Here are two closely related methods to derive the formulas for summations of sequences of natural number powers of integers from 0 - n.

Method 1: A "bottom-up" approach...

We may state:

$\displaystyle\sum_{k=0}^n(k)=\sum_{k=0}^n(k+1)-(n+1)$

$\displaystyle\sum_{k=0}^n(k)=\sum_{k=0}^n(k)+\sum_{k=0}^n(1)-(n+1)$

$\displaystyle0=\sum_{k=0}^n(1)-(n+1)$

$\displaystyle\sum_{k=0}^n(1)=n+1$

Now we may compute:

$\displaystyle\sum_{k=0}^n(k)$

We may state:

$\displaystyle\sum_{k=0}^n\left(k^2 \right)=\sum_{k=0}^n\left((k+1)^2 \right)-(n+1)^2$

$\displaystyle\sum_{k=0}^n\left(k^2 \right)=\sum_{k=0}^n\left(k^2+2k+1 \right)-(n+1)^2$

$\displaystyle\sum_{k=0}^n\left(k^2 \right)=\sum_{k=0}^n\left(k^2 \right)+2\sum_{k=0}^n(k)+\sum_{k=0}^n(1)-(n+1)^2$

$\displaystyle2\sum_{k=0}^n(k)=-\sum_{k=0}^n(1)+(n+1)^2$

Now, using our previous result, we have:

$\displaystyle2\sum_{k=0}^n(k)=-(n+1)+(n+1)^2$

$\displaystyle2\sum_{k=0}^n(k)=(n+1)\left(-1+(n+1) \right)$

$\displaystyle2\sum_{k=0}^n(k)=(n+1)(n)$

$\displaystyle\sum_{k=0}^n(k)=\frac{n(n+1)}{2}$

Now we may continue and find:

$\displaystyle\sum_{k=0}^n\left(k^2 \right)$

$\displaystyle\sum_{k=0}^n\left(k^3 \right)=\sum_{k=0}^n\left((k+1)^3 \right)-(n+1)^3$

$\displaystyle\sum_{k=0}^n\left(k^3 \right)=\sum_{k=0}^n\left(k^3+3k^2+3k+1 \right)-(n+1)^3$

$\displaystyle\sum_{k=0}^n\left(k^3 \right)=\sum_{k=0}^n\left(k^3 \right)+3\sum_{k=0}^n\left(k^2 \right)+3\sum_{k=0}^n(k)+\sum_{k=0}^n(1)-(n+1)^3$

$\displaystyle3\sum_{k=0}^n\left(k^2 \right)=-3\sum_{k=0}^n(k)-\sum_{k=0}^n(1)+(n+1)^3$

Using our previous results, we have:

$\displaystyle3\sum_{k=0}^n\left(k^2 \right)=-3\left(\frac{n(n+1)}{2} \right)-(n+1)+(n+1)^3$

$\displaystyle3\sum_{k=0}^n\left(k^2 \right)=(n+1)\left(-\frac{3n}{2}-1+(n+1)^2 \right)$

$\displaystyle3\sum_{k=0}^n\left(k^2 \right)=(n+1)\left(-\frac{3n}{2}-1+n^2+2n+1 \right)$

$\displaystyle3\sum_{k=0}^n\left(k^2 \right)=(n+1)\left(n^2+\frac{n}{2} \right)$

$\displaystyle3\sum_{k=0}^n\left(k^2 \right)=\frac{n(n+1)(2n+1)}{2}$

$\displaystyle\sum_{k=0}^n\left(k^2 \right)=\frac{n(n+1)(2n+1)}{6}$

We may continue this process, to find further power summations.
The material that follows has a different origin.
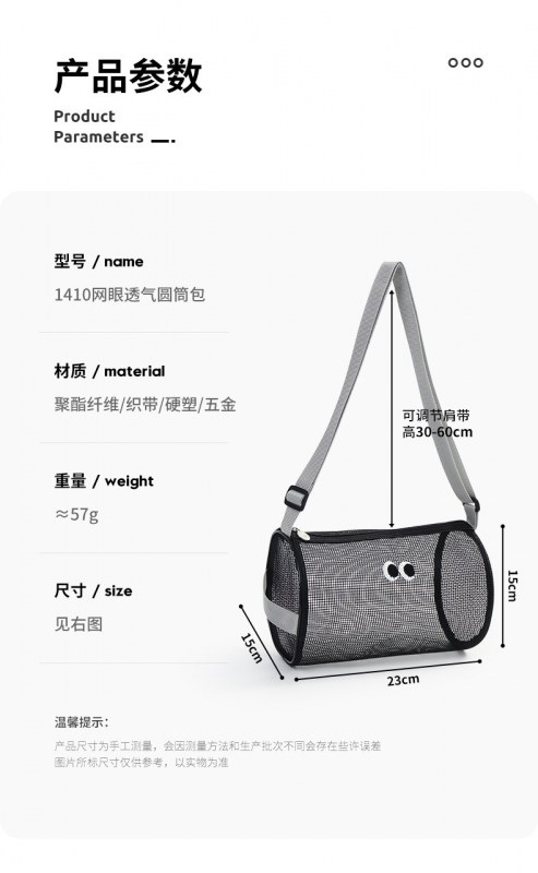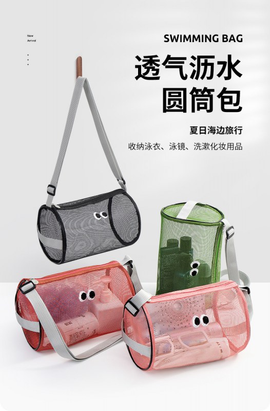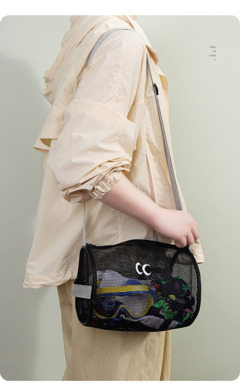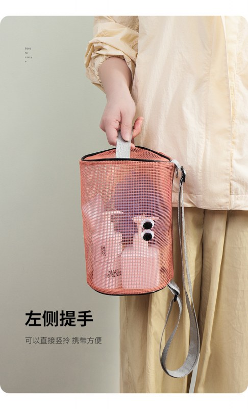 • 大きな目通気性メッシュバケットバッグ旅行ポータブルクロスボディバッグ通気性トイレタリーバッグ大容量トラベルショルダーバッグ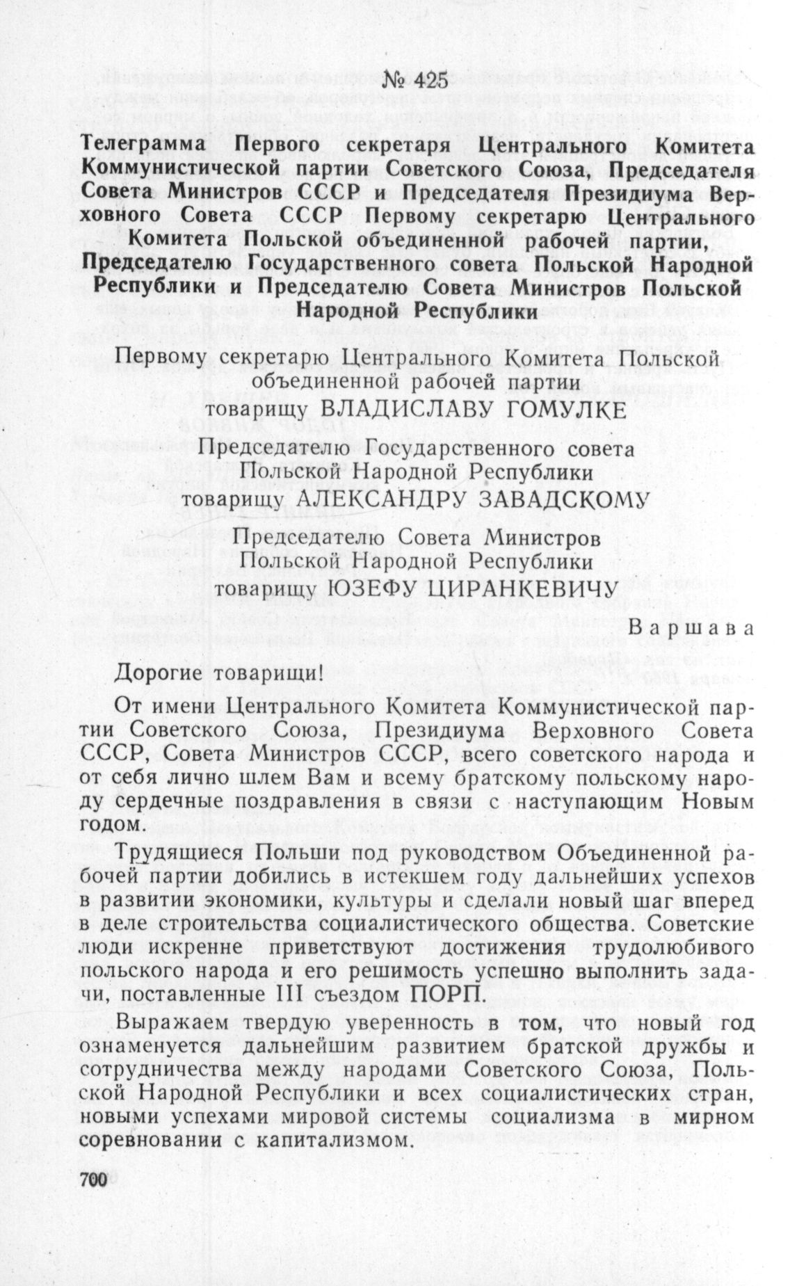 Телеграмма Первого секретаря Центрального Комитета Коммунистической партии Советского Союза, Председателя Совета Министров СССР и Председателя Президиума Верховного Совета СССР Первому секретарю Центрального Комитета Польской объединенной рабочей партии, Председателю Государственного совета Польской Народной Республики и Председателю Совета Министров Польской Народной Республики. Москва, Кремль. 31 декабря 1959 года // Печат. по газ. «Правда», 2 января 1960 г.

Method 2: A recursion approach...

Suppose we want to find:

$\displaystyle S_n=\sum_{k=0}^n\left(k^3 \right)$

We may use the inhomogeneous recursion to state:

$\displaystyle S_n=S_{n-1}+n^3$

Now, we may use symbolic differencing to ultimately derive a homogeneous recursion.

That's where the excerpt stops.